‘Happiness is somewhat independent of pleasures’- Part 4

President of the Center of Bhutan Studies and one of the key architects behind Gross National Happiness, Dasho Karma Ura answers some critical questions on GNH in a series of in-depth interviews with The Bhutanese.

9. With GNH is Bhutan unwittingly adding to the ‘Shangri-La’ myth that surrounds Bhutan?

We are not in 1933 James Hilton’s novel Lost Horizon which was turned into Frank Capra’s 1937 film. His novel fired the popular imagination in the West. In Hilton’s fictional land Shangri-La, people live immortally long, youthfully, and find deepest peace and love. Shangri-La existed in his novel because it remained secluded and disconnected from a world stricken and exhausted by World War I. As he foreshadowed, World War II broke out bringing incalculable suffering throughout most of the world.

In a different context, Shantideva’s said, lower consciousness sees everything as separated whereas higher consciousness sees everything as connected. But his insight can be extrapolated to institutional systems. Systems can skew the conditions towards separation, inequality and divisions or towards inter-connectedness, social justice, stability and happiness. The mechanism of five year planning is one system that moves our society in one direction or the other. 11th five year plan making is yet another chance to be moved by the stirring vision of a Shangri-La or consider it a Lost Horizon.

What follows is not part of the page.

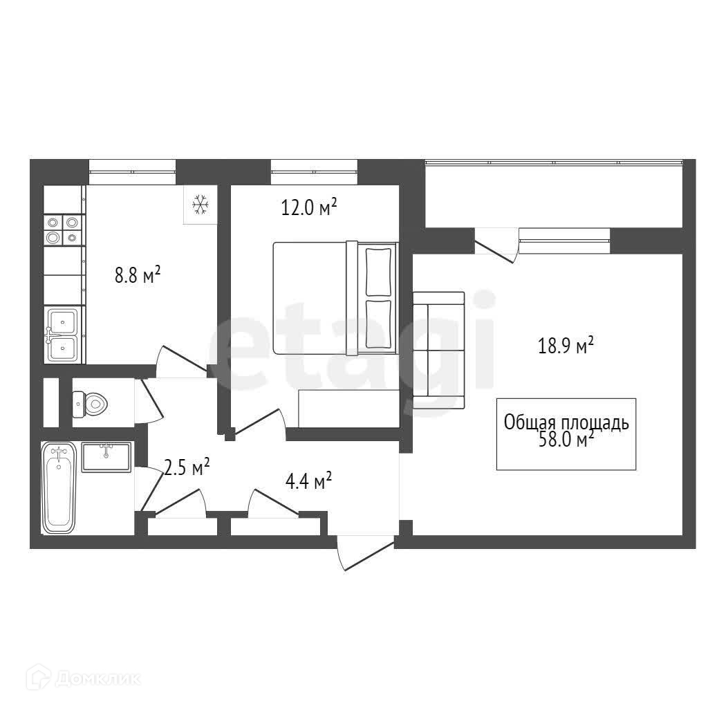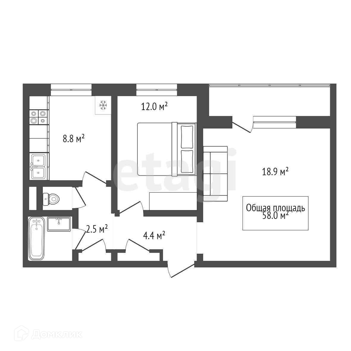 Общая площадь 50.7 м2

We are not exactly in Hilton’s Shangri-La, but we are inheritors of Guru Rinpoche’s real Bayul. Ney-yigs of Khenpajong, Aja, and Singye dzong and biography of Sinduraja and Kuenkhen poem about Bumthang describe these places as refuges from cataclysmic wider wars waged by, say, Durukha or Mongol tribes, and catastrophic famines. So if we take a longer retrospective view, Bhutan was a Bayul free from large scale, war-torn bloodbaths and deaths. Bhutan was seen popularly as Bayul where people were capable of leading an enlightened, modest but secure life. People in Bhutan can enjoy long life, peace and compassion, the greatest blessings of life. We can be in Guru Rinpoche’s Bayul if we focus on essence of Buddhist teachings. It is a basic assumption, or axiomatic, in Buddhism that every sentient being has desire for happiness and wellbeing. We wish for happiness almost as a reflex action although we always do not cultivate the right causes of happiness. Buddhism then goes into diagnosis of the causes and conditions of happiness as well as causes and conditions of anxiety and sufferings.

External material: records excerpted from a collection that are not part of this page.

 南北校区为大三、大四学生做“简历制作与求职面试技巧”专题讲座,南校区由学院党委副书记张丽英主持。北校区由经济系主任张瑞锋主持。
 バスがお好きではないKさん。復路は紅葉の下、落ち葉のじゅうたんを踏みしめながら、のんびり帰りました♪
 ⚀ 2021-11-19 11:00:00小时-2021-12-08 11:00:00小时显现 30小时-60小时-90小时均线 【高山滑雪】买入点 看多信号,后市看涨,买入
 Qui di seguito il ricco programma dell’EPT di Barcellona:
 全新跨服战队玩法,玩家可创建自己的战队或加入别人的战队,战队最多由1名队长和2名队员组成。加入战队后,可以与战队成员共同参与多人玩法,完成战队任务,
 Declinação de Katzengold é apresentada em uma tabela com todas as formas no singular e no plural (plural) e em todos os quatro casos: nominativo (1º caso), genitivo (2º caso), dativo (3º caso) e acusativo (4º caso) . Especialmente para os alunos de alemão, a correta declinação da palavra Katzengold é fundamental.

In western literature, how happy people feel now is considered as positive affects or emotions. Feeling happy now, positive emotions, positive affects, pleasures are interchangeable words. Our emotions and affects can change in the course of a day or week, and are therefore subject to cycles of fluctuations.

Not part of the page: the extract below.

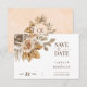 Elegante Boho Neutral Acentos Florais Nupa O Cartão de Data Salvar a Data de um Caso Sonhador Anuncie seu dia especial com esses cartões salve a data elegantes e românticos. Apresentando uma paleta de cor suave e neutra e delicados sotaques florais de Boho, essas cartas exudem um charme caprichoso e convidativo. A design limpa e minimalista é complementada por um pano de fundo de aquarela suave no verso, criando um sonho e um sentimento etéreo. Personalize seus cartões salve a data com as iniciais do casal para obter um toque exclusivo e sincero.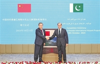本報伊斯蘭堡10月14日電 (記者陳尚文、程是頡)當?shù)貢r間10月14日,國務(wù)院總理李強在巴基斯坦總理府同巴基斯坦總理夏巴茲共同出席瓜達爾新國際機場項目竣工儀式。

However, these emotional fluctuations depend also on the kind of self we harbor. Fluctuation between satisfaction and dissatisfaction within a short term is more likely among self-centered people rather than selfless persons. So the basic Buddhist point about being happy is to shift our values from being self-centered to self-less persons as much as possible in order to be happy, in the way the omniscient Shantideva outlined.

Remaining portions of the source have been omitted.